Louisiana Gov. Bobby Jindal bristled Sunday when it was suggested to him that Christians who live by their beliefs can be equated to racists.
NBC News’ “Meet the Press” host Chuck Todd noted (about the 4:10 mark) that in the 1960s, opponents of interracial marriage — including Democrat icon Harry Truman — used their religious beliefs as an argument against allowing whites and blacks to marry.
Todd then asked the Republican presidential contender: “Are you comfortable using religion as a way to defend your position on marriage?”
Jindal clearly did not appreciate the tone of the question.
“It’s offensive to equate evangelical Christians, Catholics, and others who view marriage as between a man and a woman” with racists from 50 years ago, he said.
Jindal also reminded Todd that the marriage views of both Democratic presidential hopeful Hillary Clinton and President Obama have evolved with public opinion polls, while his, based on his Christian faith, have remained firm.
“My religious views aren’t based on the polls,” he told Todd. “I can read polls just like the president can.”

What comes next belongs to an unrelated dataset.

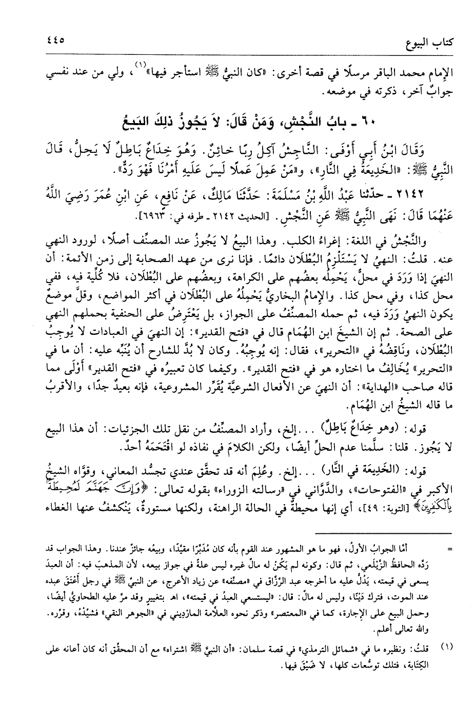 والنَّجْشُ في اللغة: إغراءُ الكلب. وهذا البيعُ لا يَجُوزُ عند المصنِّف أصلا، لورود النهي عنه. قلتُ: النهيُ لا يَسْتَلْزِمُ البُطْلان دائمًا. فإنا نرى من عهد الصحابة إلى زمن الأئمة: أن النهيَ إذا وَرَدَ في محلًّ، يَحْمِلُه بعضُهم على الكراهة، وبعضُهم على البُطْلان، فلا كُلِّية فيه، ففي محلًّ كذا، وفي محلًّ كذا. والإِمامُ البخاريُّ يَحْمِلُهُ على البُطْلان في أكثر المواضع، وقلَّ موضعٌ يكون النهيُ وَرَدَ فيه، ثم حمله المصنِّفُ على الجواز، بل يَعْتَرِضُ على الحنفية بحملهم النهي على الصحة. ثم إن الشيخَ ابن الهُمَام قال في «فتح القدير»: إن النهيَ في العبادات لا يُوجِبُ البُطْلان، ونَاقِضُهُ في «التحرير»، فقال: إنه يُوجِبُهُ. وكان لا بُدَّ للشارح أن يُنَبِّه عليه: أن ما في «التحرير» يُخَالِفُ ما اختاره في في «فتح القدير». وكيفما كان تعبيرُه في «فتح القدير» أَوْلَى مما قاله صاحب «الهداية»: أن النهيَ عن الأفعال الشرعيَّة يُقَرِّر المشروعية، فإنه بعيدٌ جدًا، والأقربُ ما قاله الشيخُ ابن الهُمَام.

Then he tackled the race issue head on.
“We need to stop viewing ourselves as hyphenated Americans,” Jindal said. “We’re all Americans. Viewing people by the color of their skin is one of the dumbest ways to view people.”
Earlier in the interview, Jindal predicted the courts wouldn’t stop with same-sex marriage.
“Here’s where the next fight’s going. I think the left is now going to go after our First Amendment rights,” he said. “I think it is wrong for the federal government to force Christian individuals, businesses, pastors and churches to participate in wedding ceremonies that violate our sincerely held religious beliefs.”